The abstract of this patent application states that one of the problems of determining the freshness of a document indexed in a search engine is that the “last-modified-since” attribute isn’t always correct. Some webmasters have figured out they can change the modify date, but obviously a pattern of abuse developed. It doesn’t fool Google, because what Google looks for is actual modified content. As far as how Google determines how old or “fresh” a document may be is still somewhat of a secret. Lately, in the estimation of many, Google has done a very poor job in determining which web sites present as the freshest content in relation to relevancy.

This brings to mind a pertinent question. How does the freshness factor rank in determining relevancy? It has been determined by some that it doesn’t necessarily matter how fresh a document is to Google, especially if that document has many inbound links pointing to it. Henzinger is attempting to patent a more explicit form of freshness, since not all search engines use the “last modified since” attribute anyways, and stating that search engines need a more reliable way of determining overall updated content.

Unfortunately, with the implementation of the duplicate content penalty, we’ve been seeing problems with the freshness attribute of documents.
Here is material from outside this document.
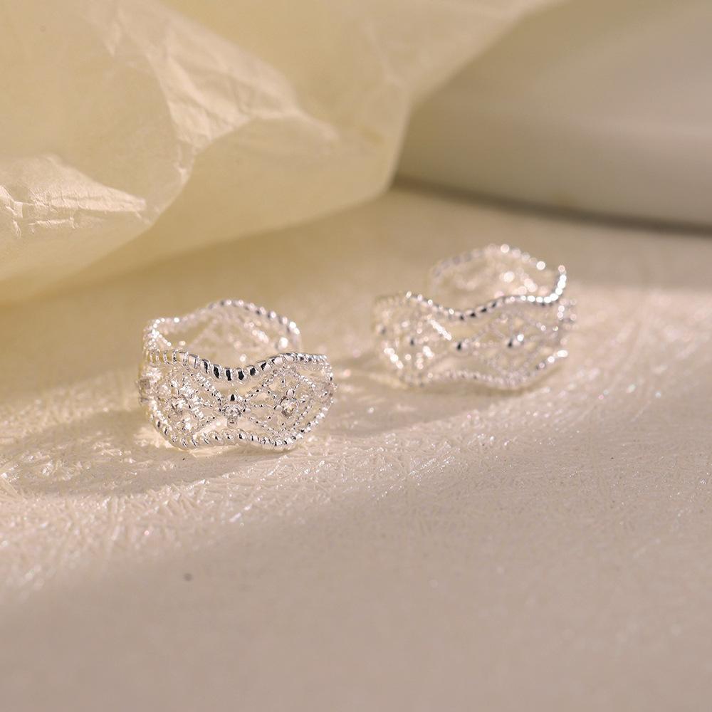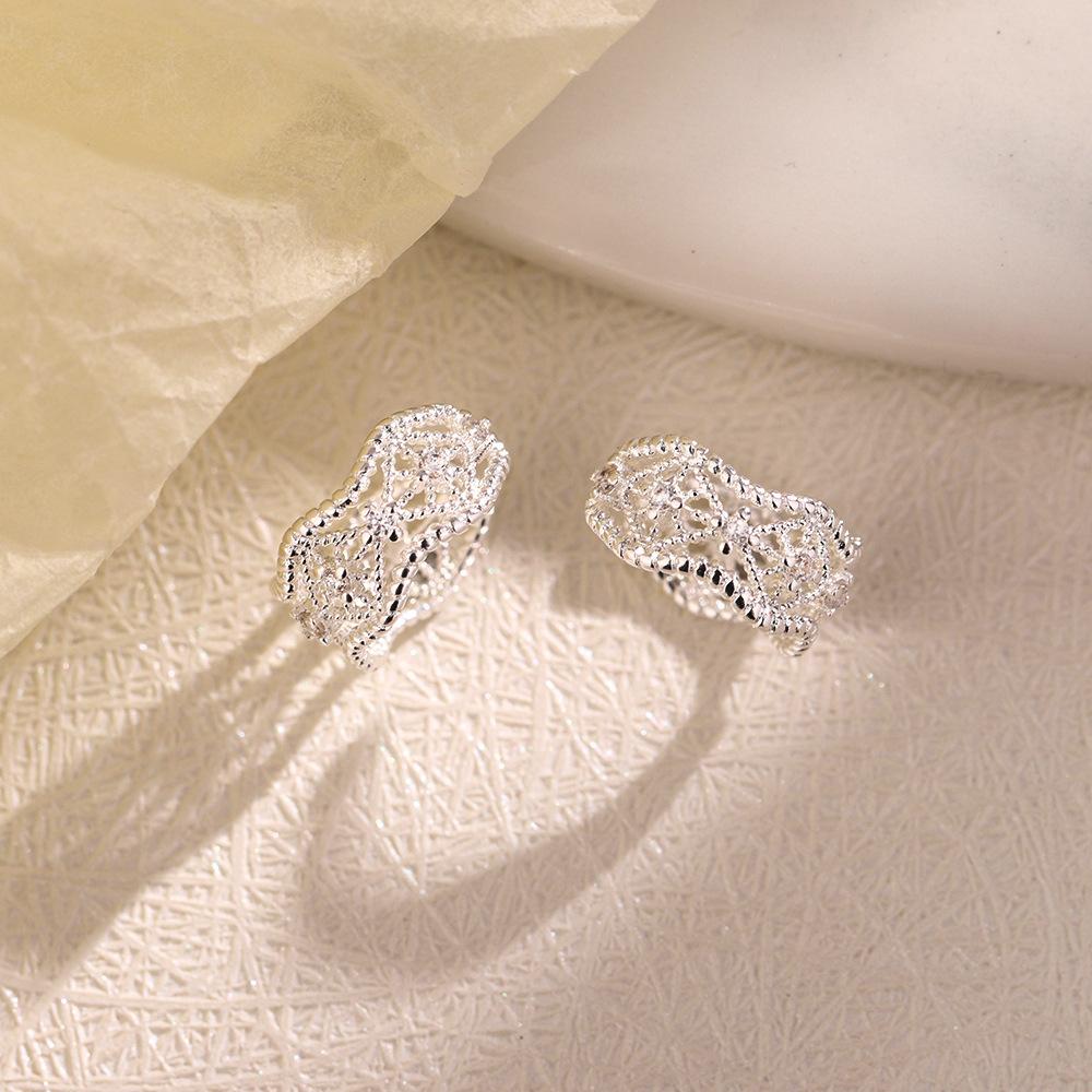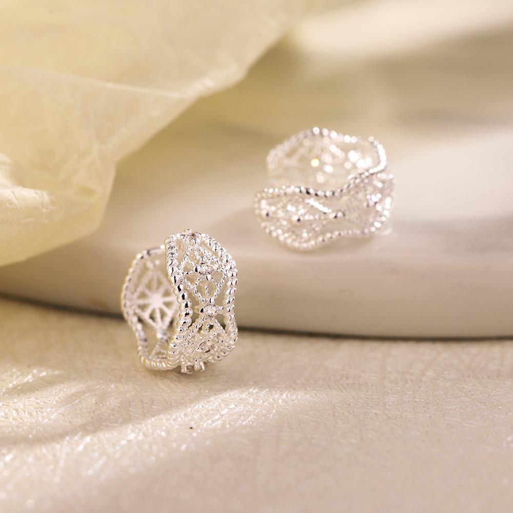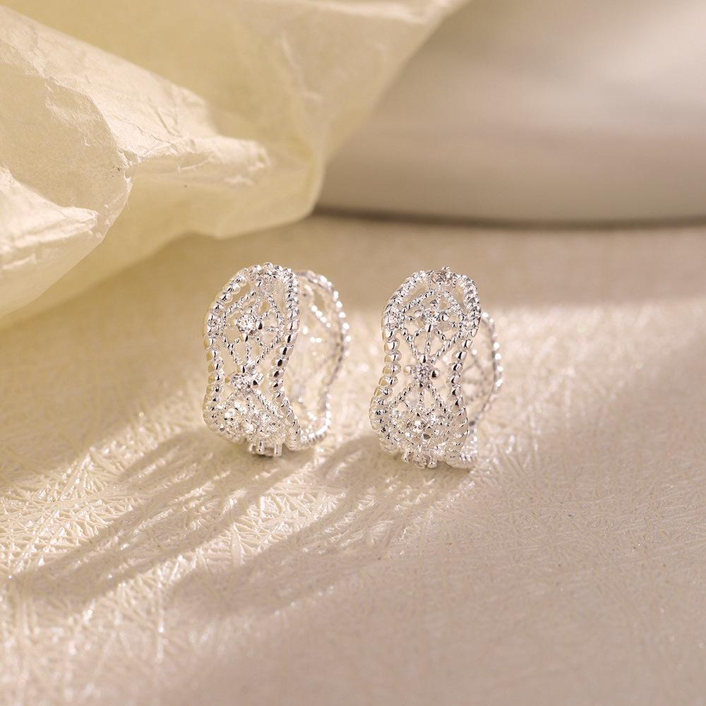 Клипсы для ушей с полым кружевом без пирсинга ушей, ретро-тренд, нерегулярная волна, сетчатые циркониевые клипсы для ушей, женские

With Google, in particular, the filter employed to whittle out duplicate content doesn’t appear to be taking into consideration the actual origin of the content. For many, this is becoming a great frustrating point. With the onslaught of the technological advances that Google has placed into the public realm within the last decade, it seems impractical and almost ridiculous that they would leave out the very concept of being able to determine the source of the fresh content. Yahoo and MSN do not appear to have this particular problem, so why does Google?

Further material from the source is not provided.